The countryside belonged to the Viet Cong, Calley emphasized to Sack. “Be sharp! On guard! As soon as you think these people won’t kill you, ZAP! In combat you haven’t friends! You have enemies!” He promised himself, “I’ll act as if I’m never secure. As if everyone in Vietnam would do me in. As if everyone’s bad.”26

He would not be alone in this belief. As Vietnam veteran and popular writer Philip Caputo put it: where trust did not exist and body counts became the only yardstick of victory, the rule in the bush was, “If it’s dead and Vietnamese, it’s VC.”27

In A Rumor of War, the memoir of his marine experiences in Vietnam, published in 1977, Caputo confirmed Calley’s observations at his trial, noting how the stress of search-and-destroy missions in the jungle led to short tempers. The truth—that all Viet Cong were Vietnamese but not all Vietnamese were Viet Cong—was not readily apparent when both sides were Vietnamese. War “can arouse a psychopathic violence in men of seemingly normal impulses,” but the type of war waged in Vietnam deteriorated into an “absolute savagery” that was unlike any other conflict. American lives were at stake in an environment in which they could not be sure who or where the enemy was.28

It was unnerving to American soldiers to fight in Indian country with no battle lines, against a ghost-like guerrilla army without uniforms that hid among the populace and employed a labyrinth of jungle trails and tunnels. Anyone Vietnamese was responsible for their plight—or so they came to believe during endless hours in the heat, humidity, and incessant pounding rain of the monsoon season.

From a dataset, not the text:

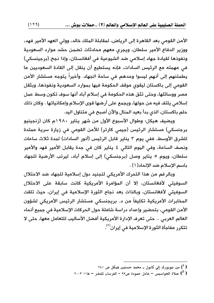 الأمن القومي بعد القاهرة إلى الرياض، لمقابلة الملك خالد، وولي العهد الأمير فهد، ووزير الدفاع الأمير سلطان، ويجري معهم محادثات تضمن حشد موارد السعودية ونفوذها لقيادة جهاد إسلامي ضد الشيوعية في أفغانستان، وإذا نجح (برجينسكي) في مهمته مع الرئيس السادات، فإنه يستطيع أن ينقل إلى القادة السعوديين ما يطمئنهم إلى أنهم ليسوا وحدهم في ساحة الجهاد. وأخيراً يتوجه مستشار الأمن القومي إلى باكستان ليقوي موقف الحكومة فيها بموارد السعودية ونفوذها، وبثقل مصر ووسائلها، وحتى تثق هذه الحكومة في إسلام أباد أنها سوف تكون وسط عمل إسلامي يلتف فيه من حولها، ويجمع على أرضها قوى الإسلام وإمكانياتها. وكان ذلك حلم باكستان، الذي بدأ بعيد المنال والآن أصبح في متناول اليد.

Dry season was no better. Long patrols trudged forward, the soldiers with heavy backpacks that tugged in the opposite direction as they worried about whether their M-16 assault rifles, which frequently malfunctioned, would work at crunch time.29 And all this in temperatures that soared to more than a hundred degrees and humidity trailed not far behind. Sweat drenched their clothing and rolled off the sweatbands on their foreheads as they pressed forward through clouds of dust or groin-high grass or hacked through the bush with its towering bamboo and banana trees and wire-like wait-a-minute vines. Dense and razor-sharp elephant grass could rise up to fifteen feet in height, making it difficult to see more than three feet ahead.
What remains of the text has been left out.